(Data excerpts)
- - -

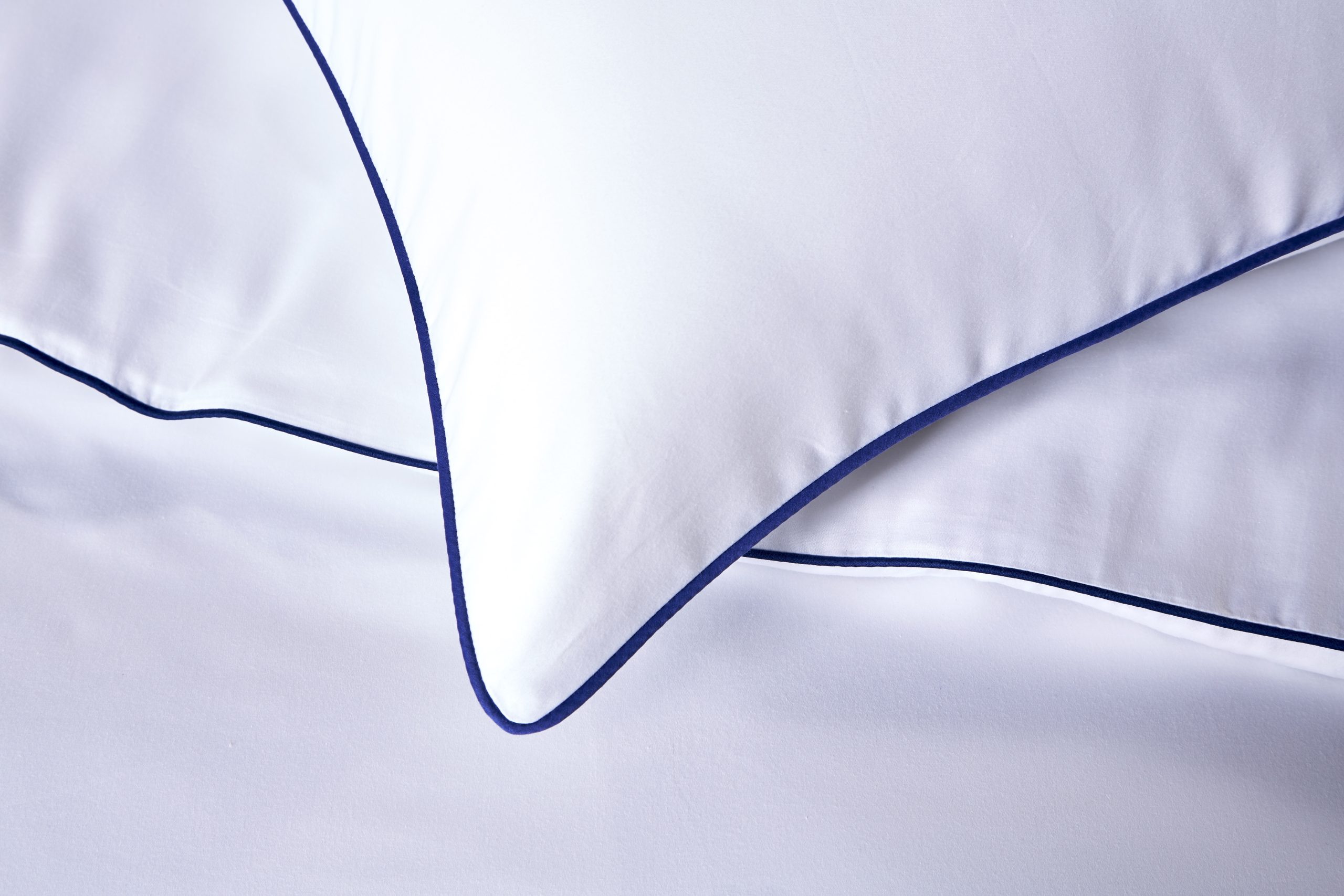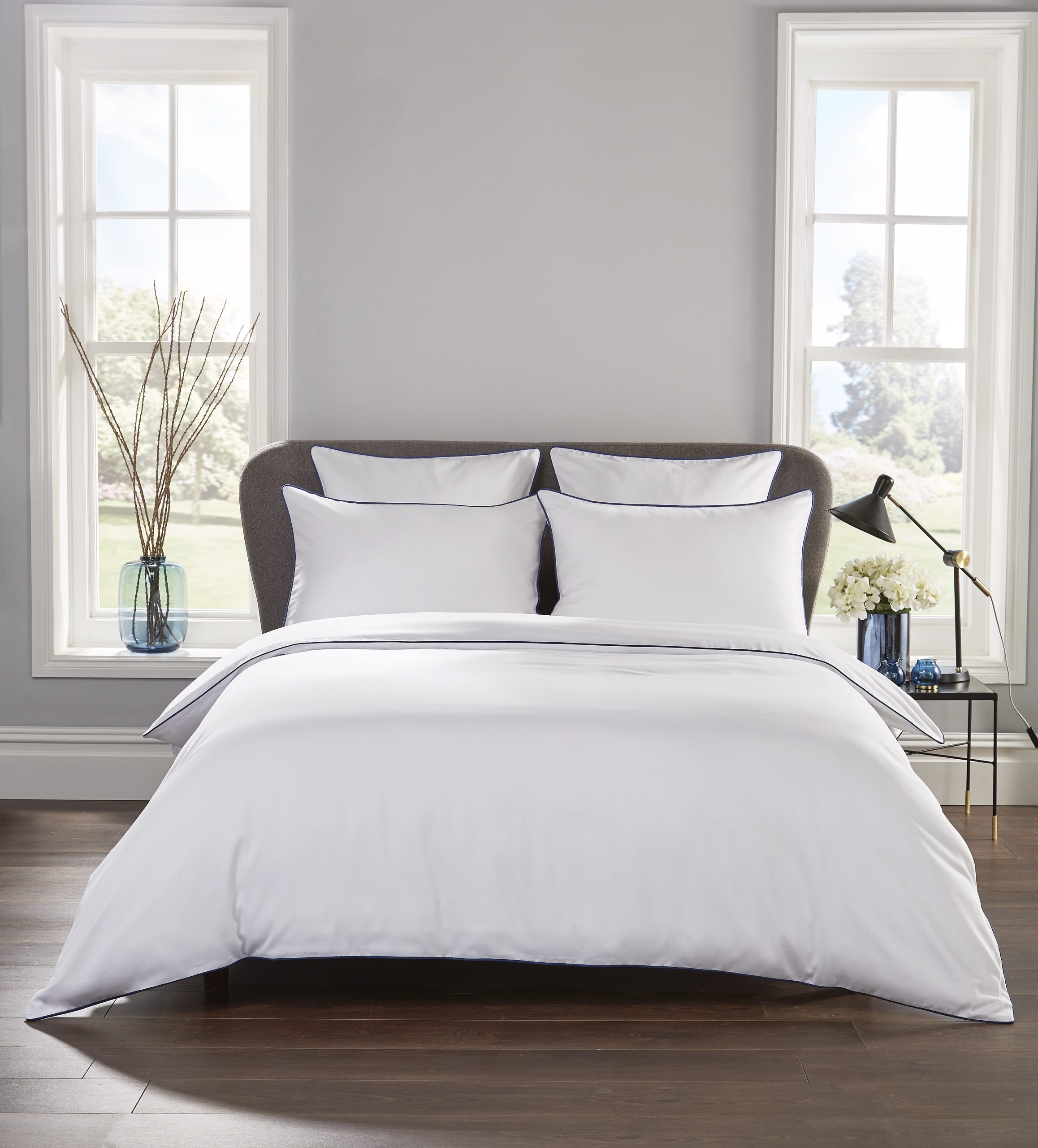 This simple, timeless and elegant  white 100% cotton duvet cover and pillowcase set with contrasting navy piped edge is made from luxury 400 thread count single ply cotton – celebrated for its superior strength, durability and exquisite comfort. It has a  smooth sateen finish and feels wonderfully soft against your skin. Each set includes a navy blue piped edge duvet cover with button fastening and Housewife style pillowcases to match.
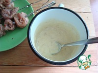 Пока шашлык не положила на мангал, а замесила лепёшку. Налила мацони и погасила в нём соду, добавила соль, сахар и яйцо. Всё перемешала и выложила овсянку. Дала ей разбухнуть минут 5.
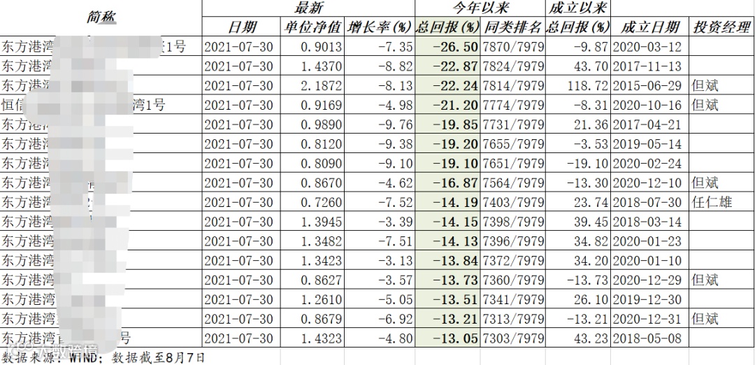 来自Wind的最新监测统计数据显示,截至8月7日,该机构共监测到213只深圳东方港湾投资管理股份有限公司管理的股票策略私募产品有最新净值公布;其中,在2021年1月1日前成立的147只私募产品中,共有多达133只产品2021年以来为负收益,占比超过九成。在此之中,年内亏损幅度超过10%的产品数量则达到35只,占比接近1/4;其中更有多只产品年内大亏逾20%,最差产品今年以来的亏损幅度达26.50%。不过需要指出的是,凭借过往几年公司对于贵州茅台等大市值白马股的坚定看好,东方港湾多只成立于2014年、2015年的老产品,截至目前也实现了300%的长期高额收益。
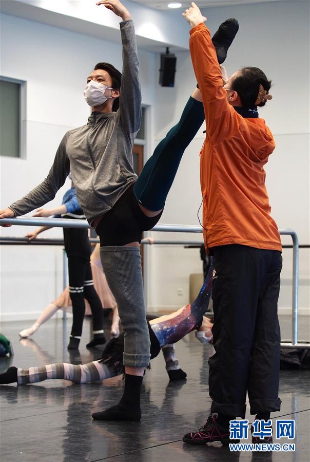 2月29日,在通過網(wǎng)絡(luò)直播的“公益公開課”上,上海芭蕾舞團(tuán)團(tuán)長(zhǎng)辛麗麗(右)在指導(dǎo)首席演員吳虎生。新華社記者任瓏攝
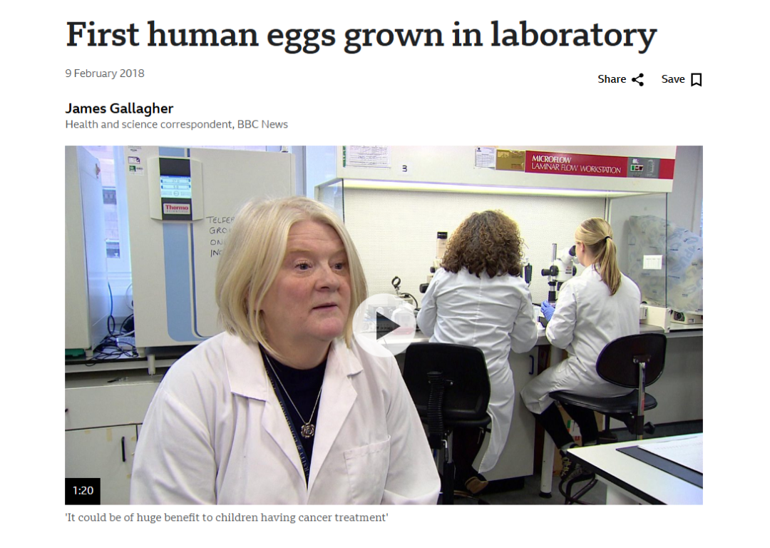 爱丁堡大学生殖生物学家伊芙琳·特尔弗2018年(Evelyn Telfer)同事们宣布,在实验室成功地将人类未成熟的卵子培育成完全成熟的卵子,而且只用了22天,这是人们第一次。
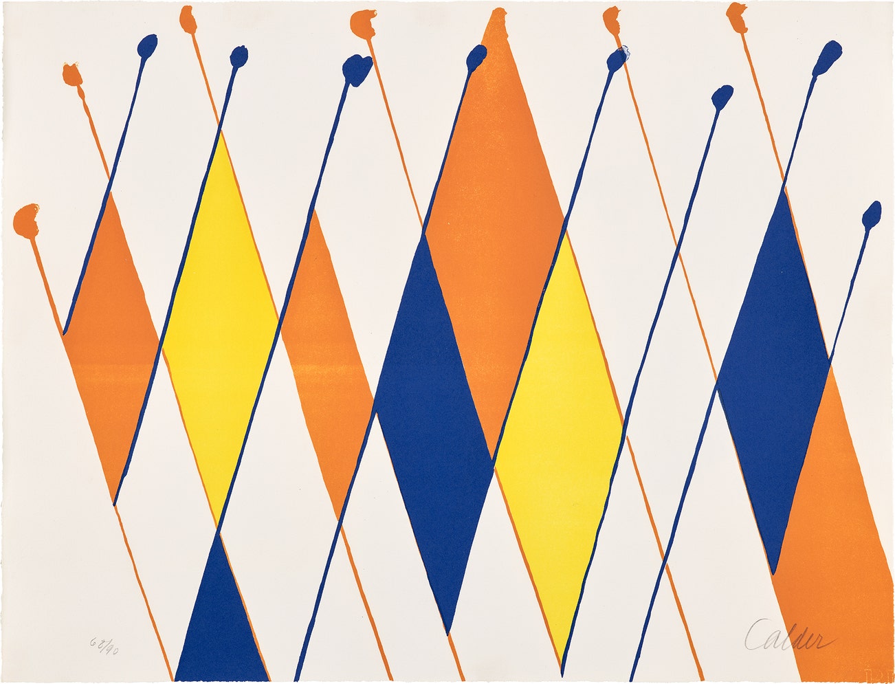American | B. 1898 D. 1976Alexander Calder worked as an abstract sculptor and has been commonly referred to as the creator of the mobile. He employed industrious materials of wire and metal and transformed them into delicate geometric shapes that respond to the wind or float in air. Born into a family of sculptors, Calder created art from childhood and moved to Paris in 1926, where he became a pioneer of the international avant-garde. In addition to his mobiles, Calder produced an array of public constructions worldwide as well as drawings and paintings that feature the same brand of abstraction. Calder was born in Lawnton, Pennsylvania.
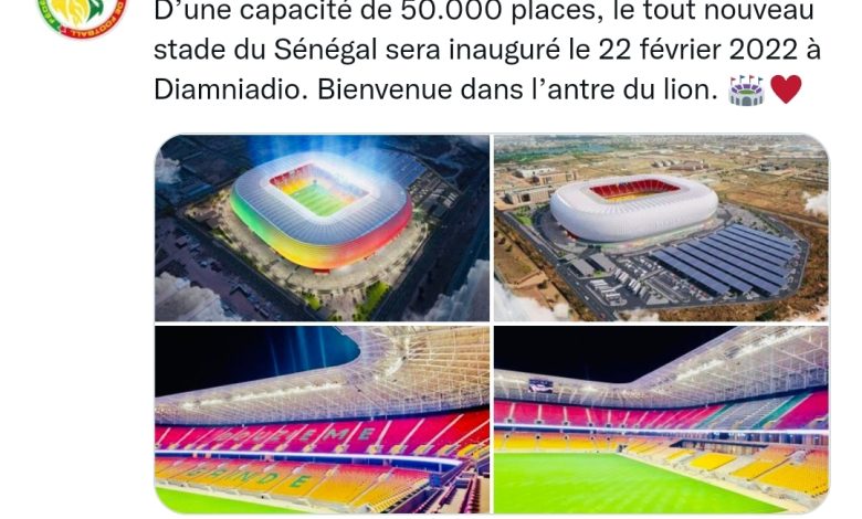هذا وقد أعلن الاتحاد السنغالي لكرة القدم موعد افتتاح الملعب وكتب في صفحته الرسمية على تويتر: “الملعب الجديد للسنغال يتسع لـ 50000 متفرج سيتم افتتاحه يوم 22 فبراير 2022 مرحبا بكم في عرين الأسود. ”
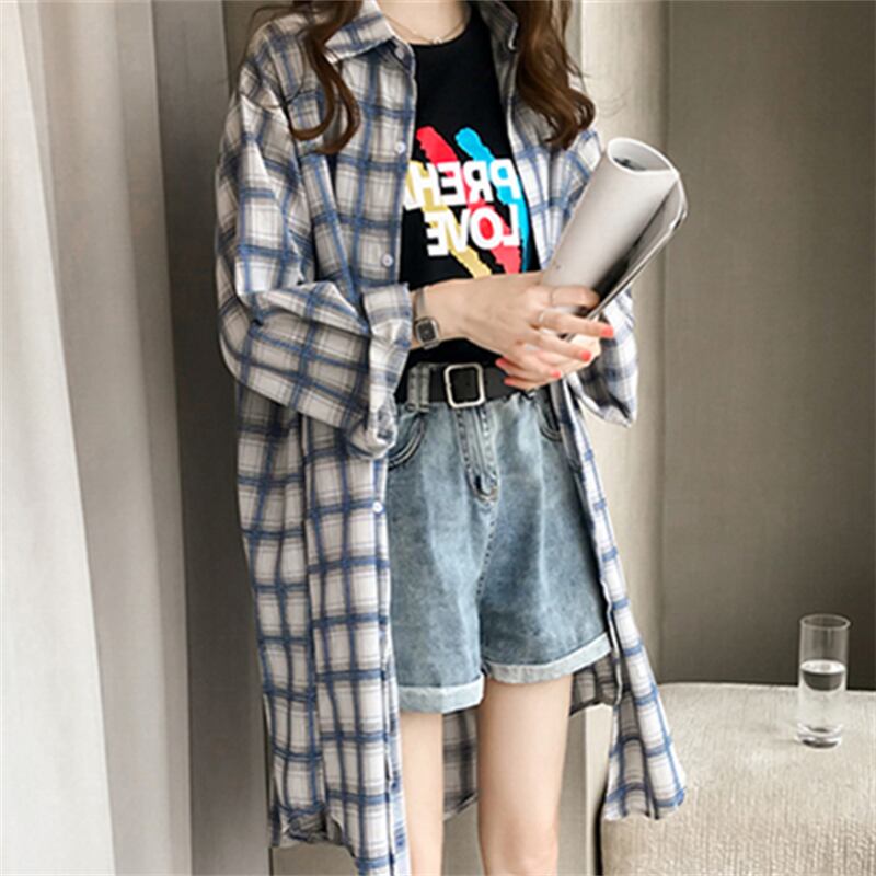チェック柄 ロングシャツ オシャレ シャツ 薄 カーディガン 4カラー a45
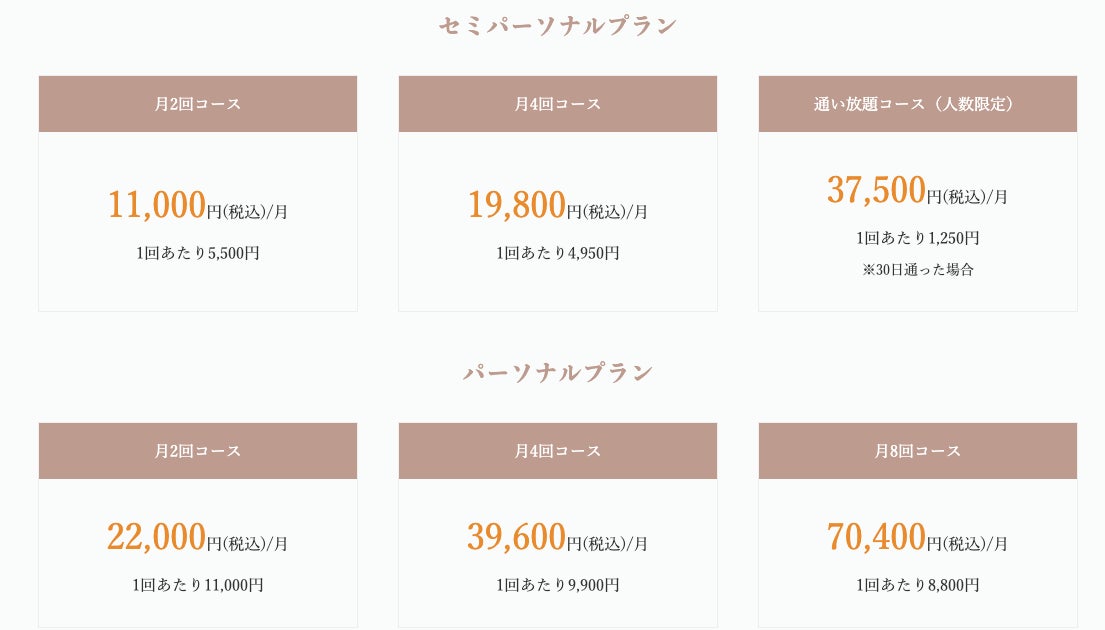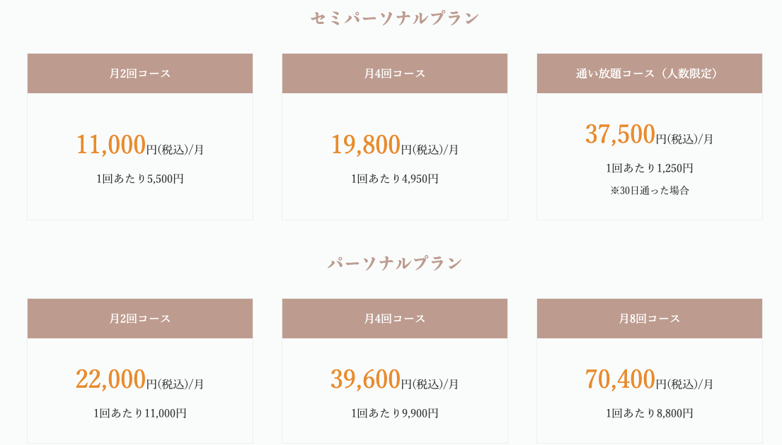 Pilates Mee 幕張本郷店の料金体系
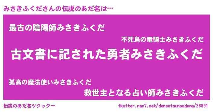 | 意味不明あだ名 | 『自称みさきふくだ』 |
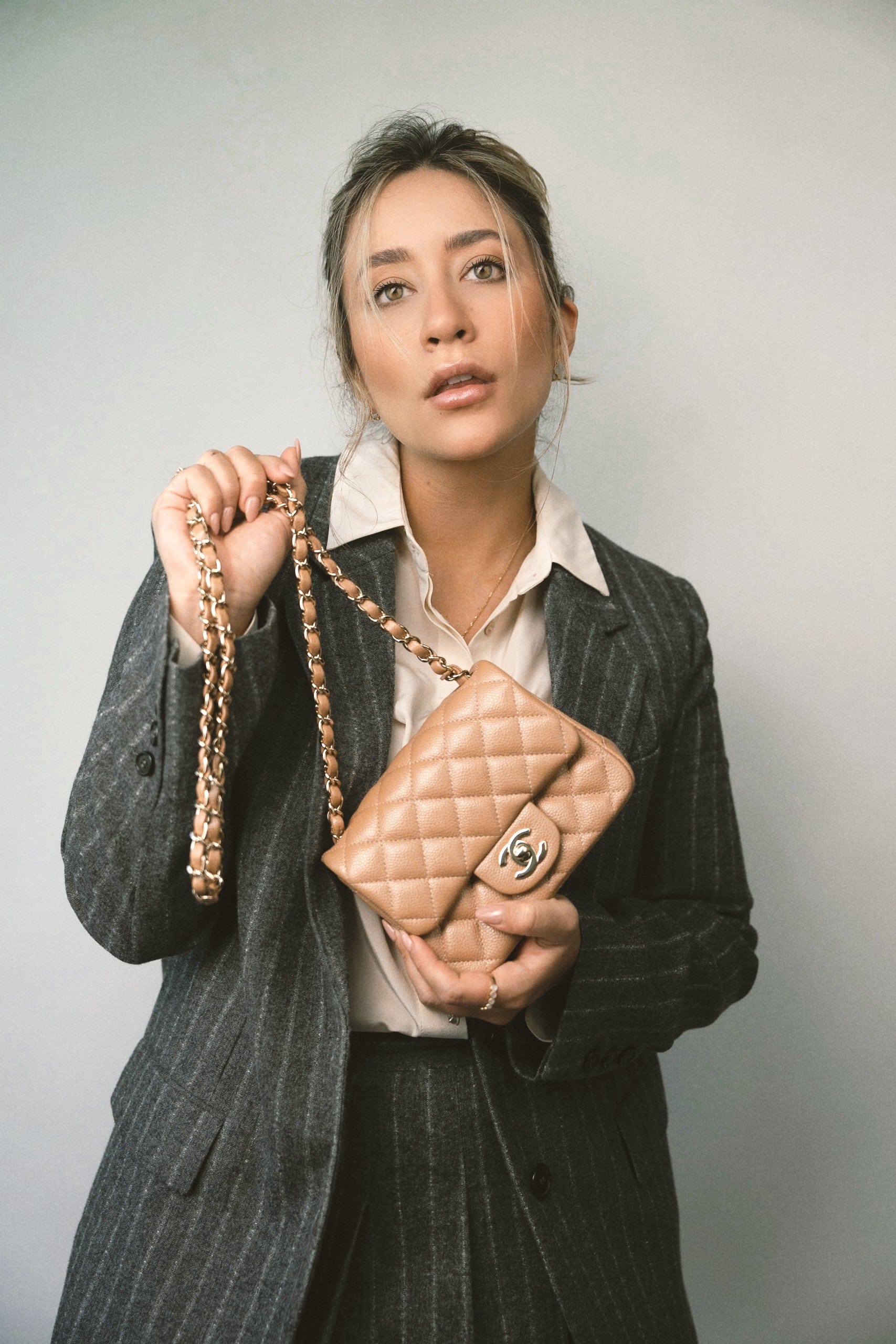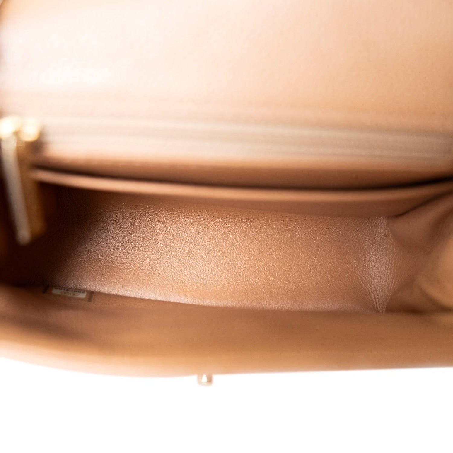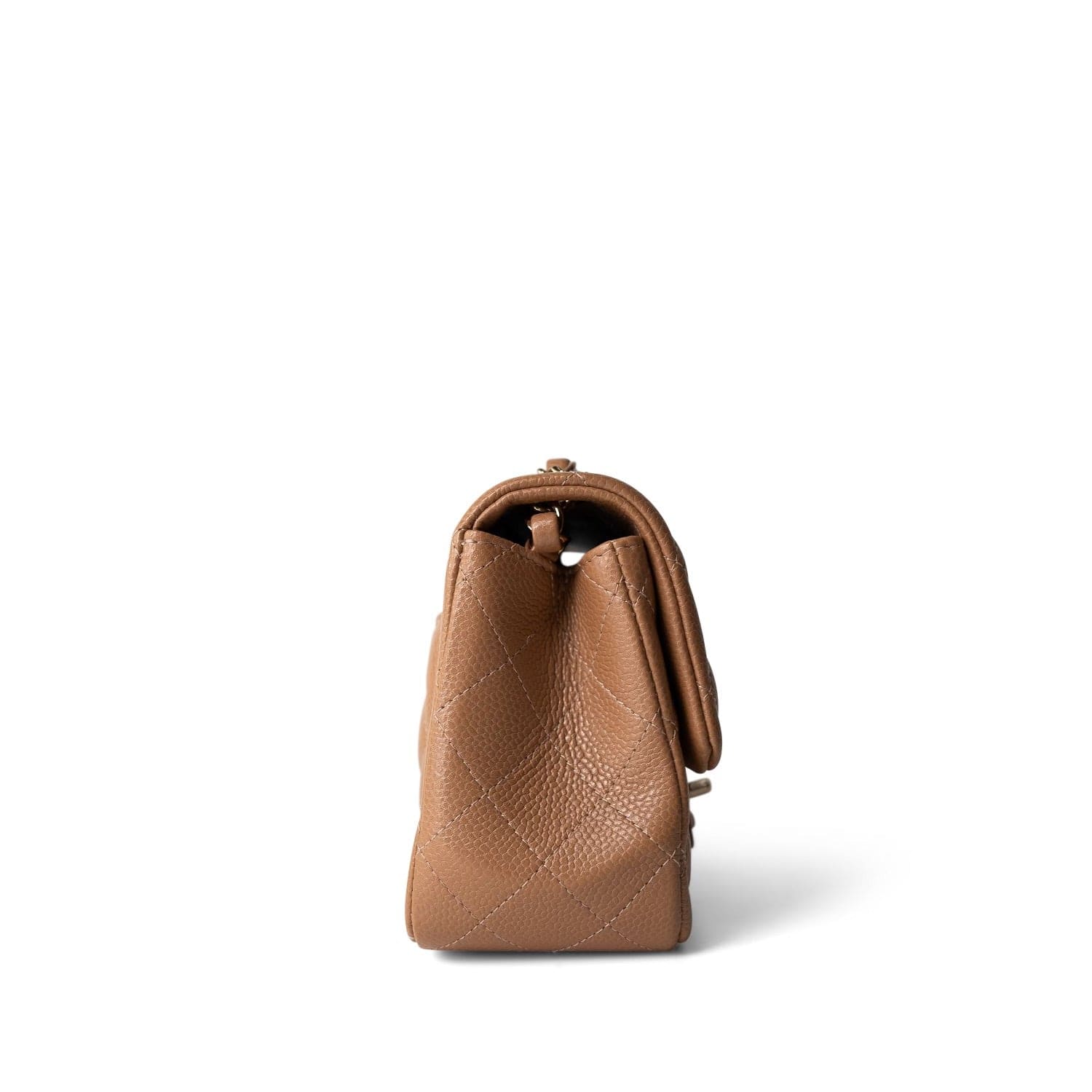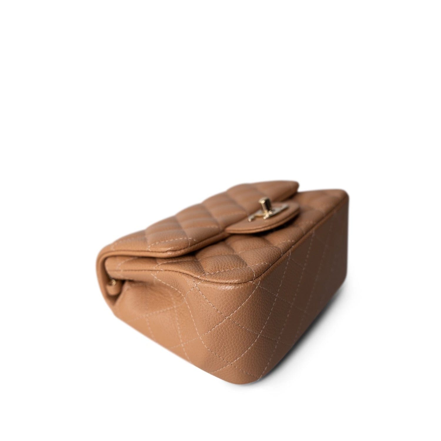 18S Beige Caviar Quilted Mini Square Flap Light Gold Hardware

- - -

## [EXERCISE REQUIREMENTS]
From the first line to the last, output the data exactly; skip any pictures.

## [TASK RESPONSE]
 This simple, timeless and elegant  white 100% cotton duvet cover and pillowcase set with contrasting navy piped edge is made from luxury 400 thread count single ply cotton – celebrated for its superior strength, durability and exquisite comfort. It has a  smooth sateen finish and feels wonderfully soft against your skin. Each set includes a navy blue piped edge duvet cover with button fastening and Housewife style pillowcases to match.
 Пока шашлык не положила на мангал, а замесила лепёшку. Налила мацони и погасила в нём соду, добавила соль, сахар и яйцо. Всё перемешала и выложила овсянку. Дала ей разбухнуть минут 5.
 来自Wind的最新监测统计数据显示,截至8月7日,该机构共监测到213只深圳东方港湾投资管理股份有限公司管理的股票策略私募产品有最新净值公布;其中,在2021年1月1日前成立的147只私募产品中,共有多达133只产品2021年以来为负收益,占比超过九成。在此之中,年内亏损幅度超过10%的产品数量则达到35只,占比接近1/4;其中更有多只产品年内大亏逾20%,最差产品今年以来的亏损幅度达26.50%。不过需要指出的是,凭借过往几年公司对于贵州茅台等大市值白马股的坚定看好,东方港湾多只成立于2014年、2015年的老产品,截至目前也实现了300%的长期高额收益。
 2月29日,在通過網(wǎng)絡(luò)直播的“公益公開課”上,上海芭蕾舞團(tuán)團(tuán)長(zhǎng)辛麗麗(右)在指導(dǎo)首席演員吳虎生。新華社記者任瓏攝
 爱丁堡大学生殖生物学家伊芙琳·特尔弗2018年(Evelyn Telfer)同事们宣布,在实验室成功地将人类未成熟的卵子培育成完全成熟的卵子,而且只用了22天,这是人们第一次。
American | B. 1898 D. 1976Alexander Calder worked as an abstract sculptor and has been commonly referred to as the creator of the mobile. He employed industrious materials of wire and metal and transformed them into delicate geometric shapes that respond to the wind or float in air. Born into a family of sculptors, Calder created art from childhood and moved to Paris in 1926, where he became a pioneer of the international avant-garde. In addition to his mobiles, Calder produced an array of public constructions worldwide as well as drawings and paintings that feature the same brand of abstraction. Calder was born in Lawnton, Pennsylvania.
هذا وقد أعلن الاتحاد السنغالي لكرة القدم موعد افتتاح الملعب وكتب في صفحته الرسمية على تويتر: “الملعب الجديد للسنغال يتسع لـ 50000 متفرج سيتم افتتاحه يوم 22 فبراير 2022 مرحبا بكم في عرين الأسود. ”
チェック柄 ロングシャツ オシャレ シャツ 薄 カーディガン 4カラー a45
 Pilates Mee 幕張本郷店の料金体系
 | 意味不明あだ名 | 『自称みさきふくだ』 |
 18S Beige Caviar Quilted Mini Square Flap Light Gold Hardware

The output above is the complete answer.